Sabrino rose and bowed. “I shall be honored to have your company in an hour’s time, Major.” He bowed again, then strode out of Scoufas’ tent and shouted for his own men to ready themselves for a raid.
They came from their tents with an eagerness that still delighted him after five years of fighting. How can anyone beat us? he thought proudly. But if that question didn’t have an answer, what was he doing fighting here in Yanina and not going after the Unkerlanters in their own kingdom or relaxing back in Trapani following a victorious war?
“Yaninans are a lot happier about fighting now that they’re doing it at home, aren’t they, Colonel?” one of the dragonfliers said.
“As long as they are happy,” Sabrino said-again, what point to worrying about how things had been before?
He climbed aboard his dragon while the bushy-mustached Yaninan handler was still feeding it chunks of meat yellow with brimstone or scarlet with cinnabar-too few of the latter, though.

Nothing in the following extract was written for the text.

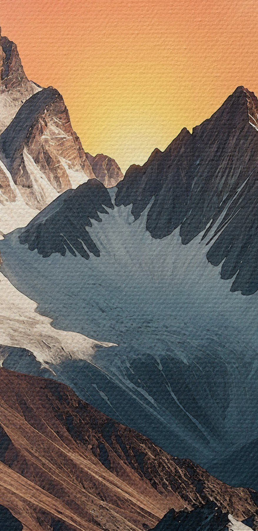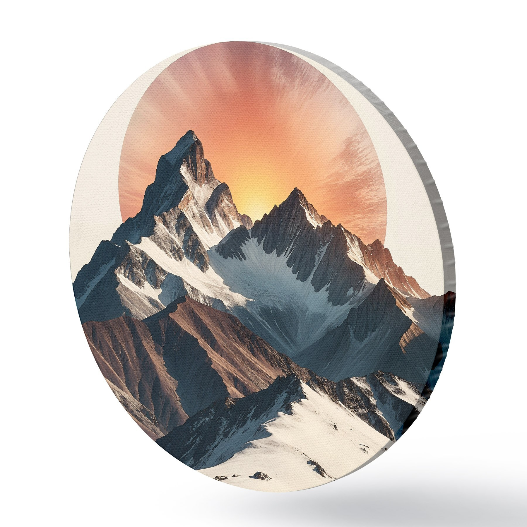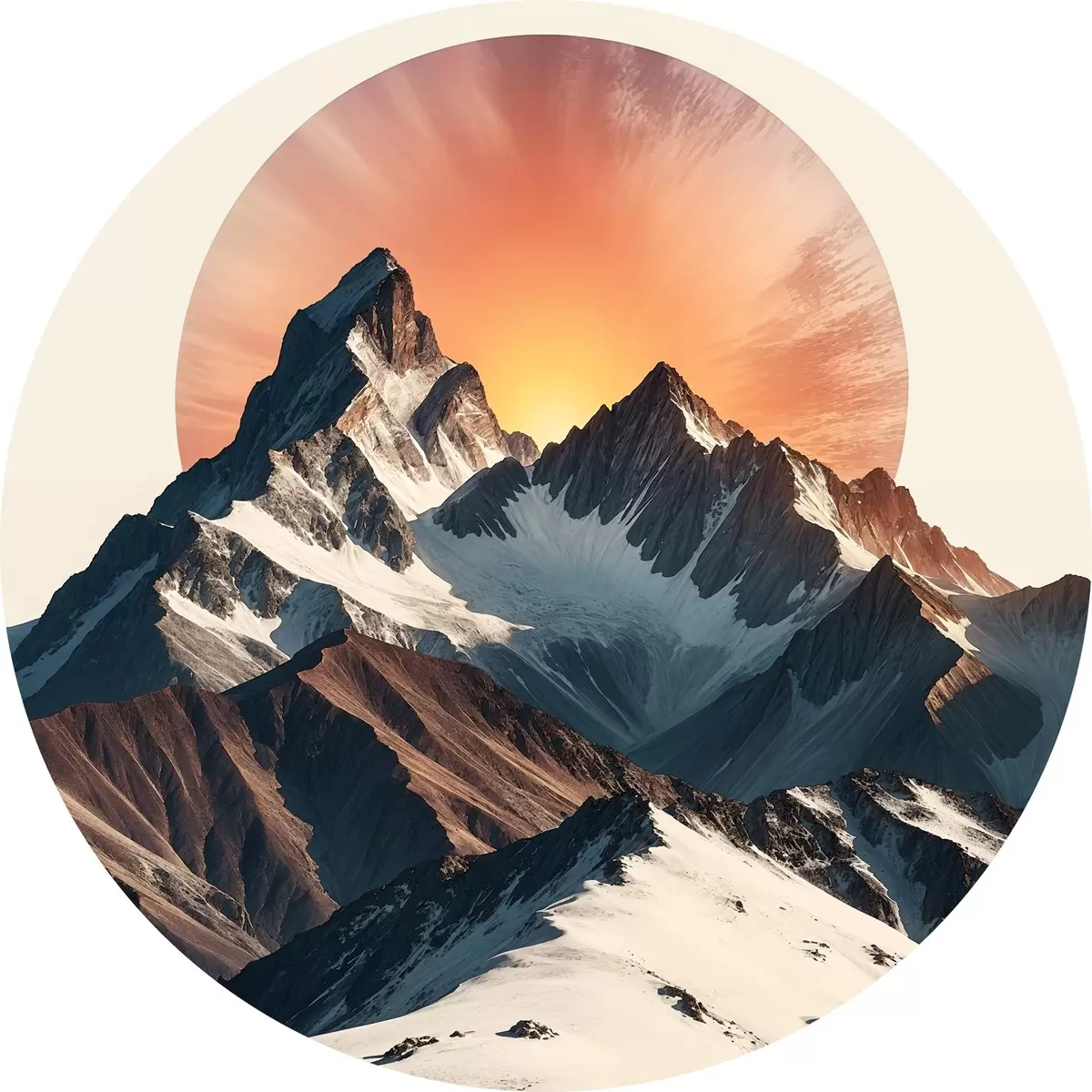 Nuotrauka Kalnų viršūnės ryškiame saulėlydžio danguje su didele saule fone Nr r38766

Brimstone was easy to come by. Quicksilver… He thought about Algarve’s failure in the land of the Ice People and his kingdom’s failure to reach the Mamming Hills, then realized he was worrying about what had gone before whether he wanted to or not.
With a wave, the handler unchained the dragon from its stake. “Luck to you good,” the fellow said in rudimentary Algarvian. Sabrino waved back, then booted the dragon into the air. It rose with a scream of fury and a thunder of wings. Other beasts painted in Algarvian and in Yaninan colors joined it. Between them, they had about forty dragons.